Correlation Between HudBay Minerals and Teck Resources
Can any of the company-specific risk be diversified away by investing in both HudBay Minerals and Teck Resources at the same time? Although using a correlation coefficient on its own may not help to predict future stock returns, this module helps to understand the diversifiable risk of combining HudBay Minerals and Teck Resources into the same portfolio, which is an essential part of the fundamental portfolio management process.
By analyzing existing cross correlation between HudBay Minerals and Teck Resources Ltd, you can compare the effects of market volatilities on HudBay Minerals and Teck Resources and check how they will diversify away market risk if combined in the same portfolio for a given time horizon. You can also utilize pair trading strategies of matching a long position in HudBay Minerals with a short position of Teck Resources. Check out your portfolio center. Please also check ongoing floating volatility patterns of HudBay Minerals and Teck Resources.
Diversification Opportunities for HudBay Minerals and Teck Resources
0.67 | Correlation Coefficient |
Poor diversification
The 3 months correlation between HudBay and Teck is 0.67. Overlapping area represents the amount of risk that can be diversified away by holding HudBay Minerals and Teck Resources Ltd in the same portfolio, assuming nothing else is changed. The correlation between historical prices or returns on Teck Resources and HudBay Minerals is a relative statistical measure of the degree to which these equity instruments tend to move together. The correlation coefficient measures the extent to which returns on HudBay Minerals are associated (or correlated) with Teck Resources. Values of the correlation coefficient range from -1 to +1, where. The correlation of zero (0) is possible when the price movement of Teck Resources has no effect on the direction of HudBay Minerals i.e., HudBay Minerals and Teck Resources go up and down completely randomly.

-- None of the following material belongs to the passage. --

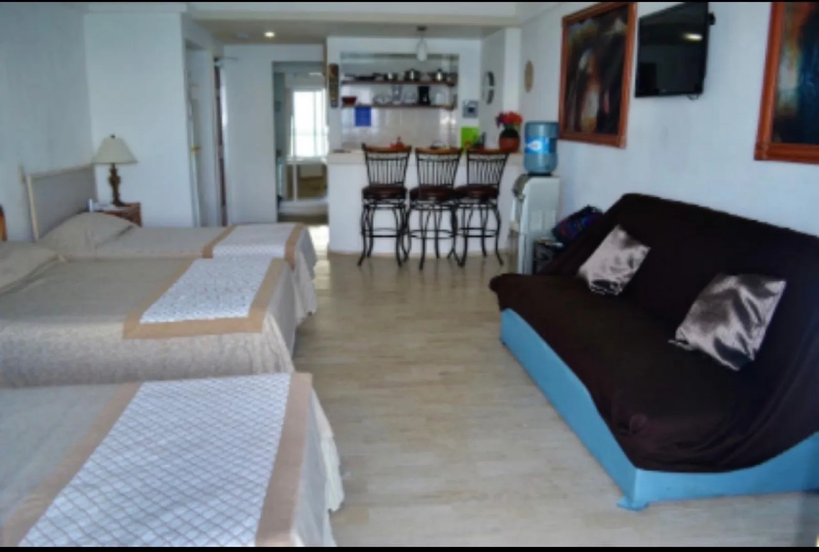 This apartment for sale is located within a tourist complex directly facing the Caribbean Sea in Cancun's Hotel Zone. The property offers views of both the sea and the Nichupte Lagoon.

Pair Corralation between HudBay Minerals and Teck Resources
Assuming the 90 days trading horizon HudBay Minerals is expected to generate 1.42 times more return on investment than Teck Resources. However, HudBay Minerals is 1.42 times more volatile than Teck Resources Ltd. It trades about 0.01 of its potential returns per unit of risk. Teck Resources Ltd is currently generating about 0.0 per unit of risk. If you would invest 1,150 in HudBay Minerals on December 28, 2024 and sell it today you would lose (7.00) from holding HudBay Minerals or give up 0.61% of portfolio value over 90 days.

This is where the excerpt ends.